Se encararmos este conhecimento inato do funcionamento
da língua como genuíno conhecimento acerca do mundo, teremos de abandonar a ideia de que, à nascença, a mente é uma tábua rasa (ou folha em branco).
– O contraexemplo do matiz de azul
desconhecido:
A que iremos considerar é um contraexemplo ao Princípio da
Cópia apresentado pelo próprio Hume, após ter formulado o argumento do cego de nascença.
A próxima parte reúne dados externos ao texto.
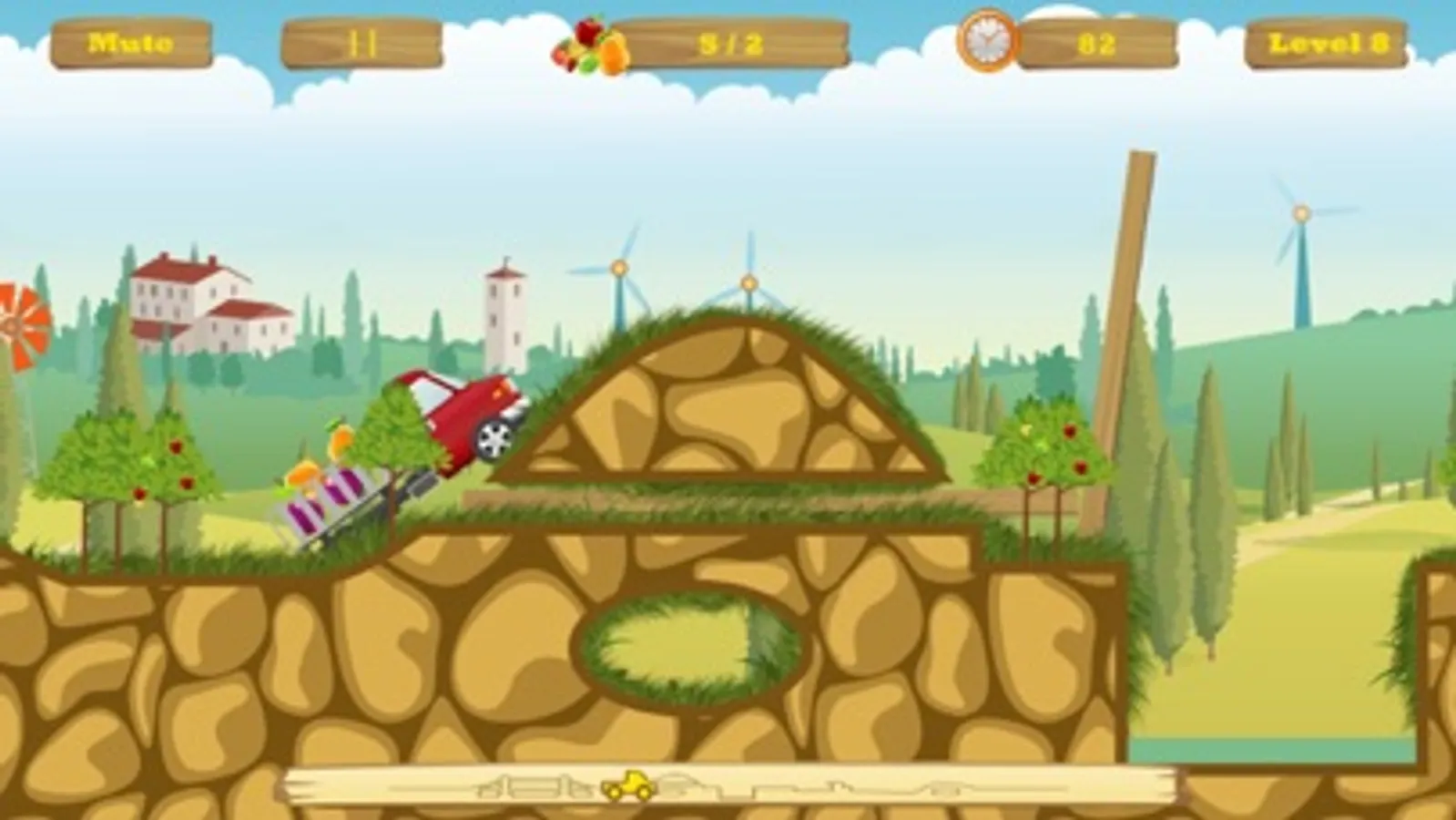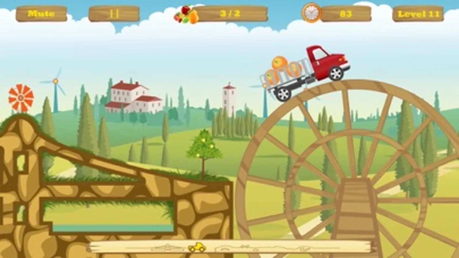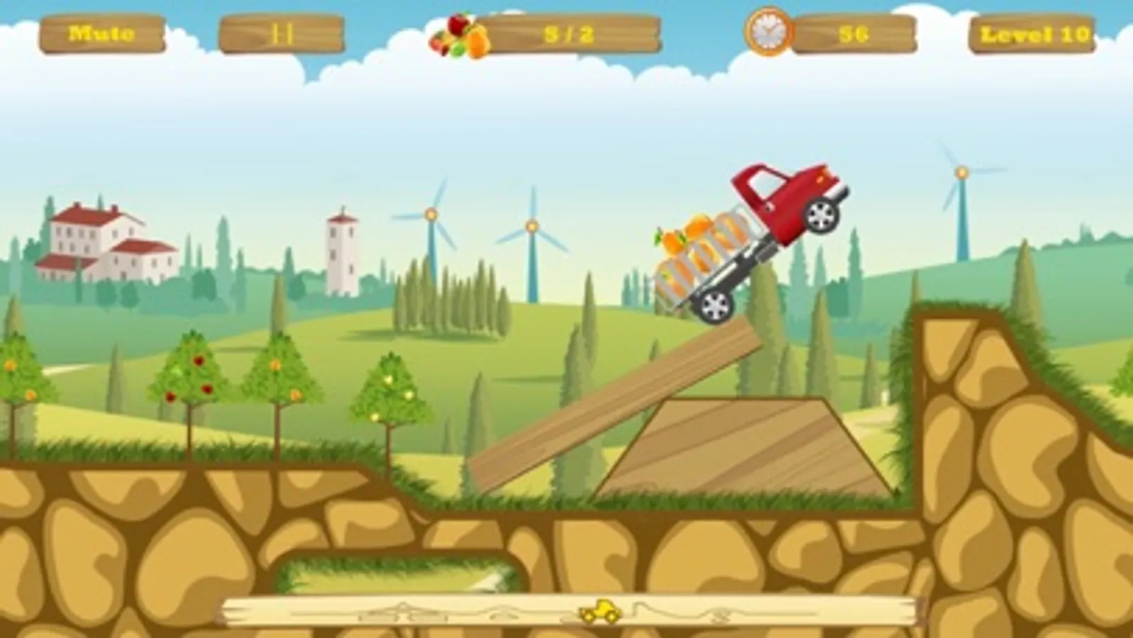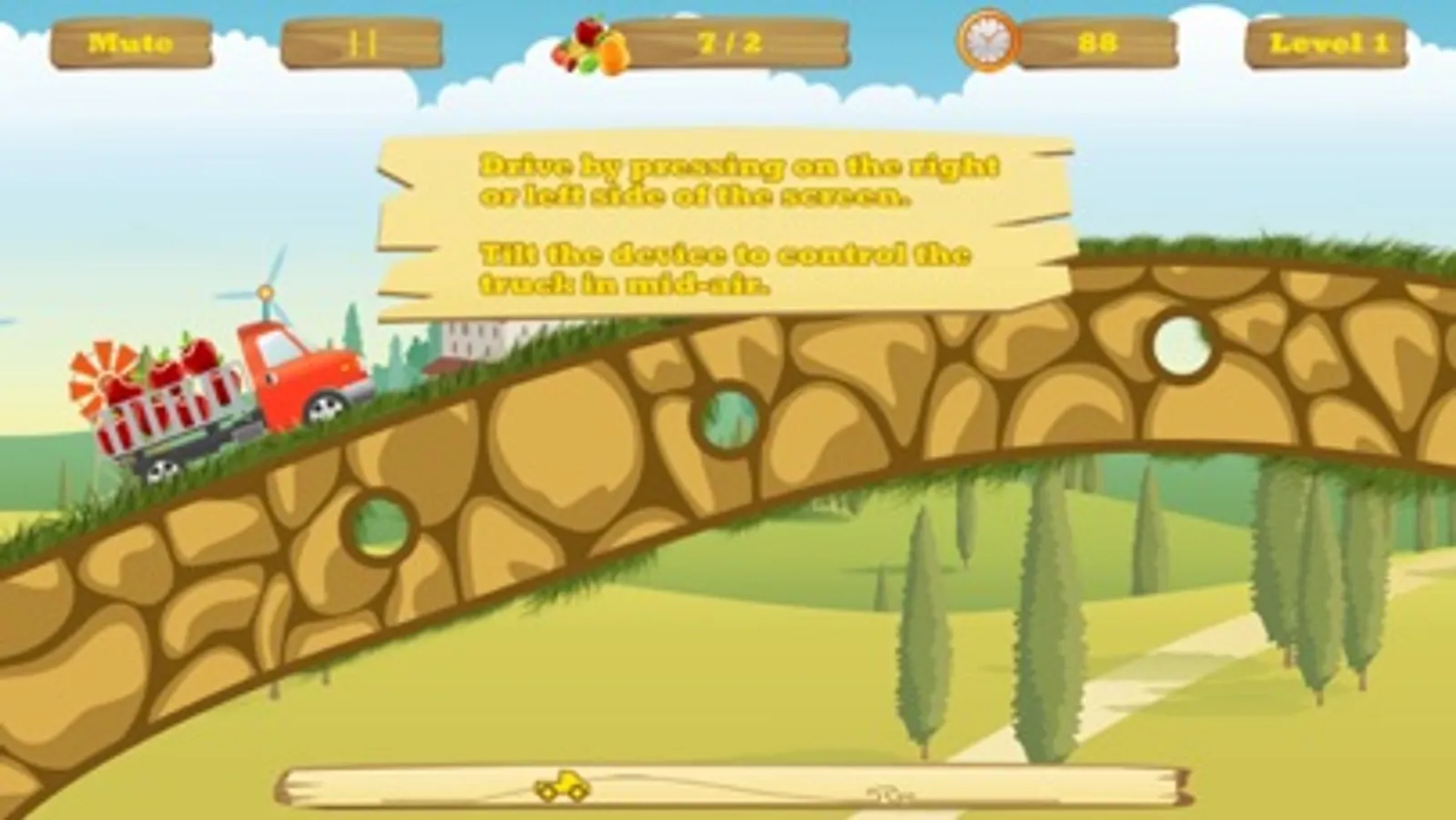 HappyTruck: Explorer - The road is blocked and try your best to use the board, wood and stone to cross it. Of course, you still need to deliver fruits to the marketplace with your truck.

“Suponhamos (…) que uma pessoa foi dotada de visão
durante trinta anos e se familiarizou perfeitamente com cores de todos os tipos, com exceção, digamos, de um determinado matiz de azul, com o qual nunca se calhou de se deparar. Suponhamos que todos os diferentes matizes dessa cor, com exceção daquele único, sejam colocados perante essa pessoa, descendo gradualmente do mais escuro para o mais claro. É óbvio que ela perceberá um vazio no lugar onde falta aquele matiz, e perceberá que nesse lugar há uma distância entre as cores contíguas maior do que em qualquer outra.
Assim, a minha pergunta é se lhe seria possível, a partir da
sua própria imaginação, suprir essa deficiência e trazer à sua mente a ideia daquele matiz em particular, apesar de este nunca lhe ter sido transmitido pelos sentidos. Acredito que poucos serão de opinião de que tal não lhe seja possível, o que pode servir como prova de que as ideias simples nem sempre são, em todos os casos, derivadas das impressões correspondentes, embora este exemplo seja tão singular que quase não vale a pena assinalá-lo, e tampouco merece que, apenas por sua causa, devemos modificar a nossa tese geral.”
David Hume (1748), Investigação sobre o Entendimento
Humano. Trad. João Paulo Monteiro. Lisboa: INCM, 2002, pp. 36-37.
Assim, embora Hume acreditasse que a maioria de nós
estaria tentada a afirmar que, nestas circunstâncias, a pessoa seria capaz de imaginar o matiz de azul em falta, mesmo na ausência da impressão correspondente, desvaloriza o contraexemplo por considerá-lo uma situação demasiado invulgar para que realmente possa pôr em causa o Princípio da Cópia.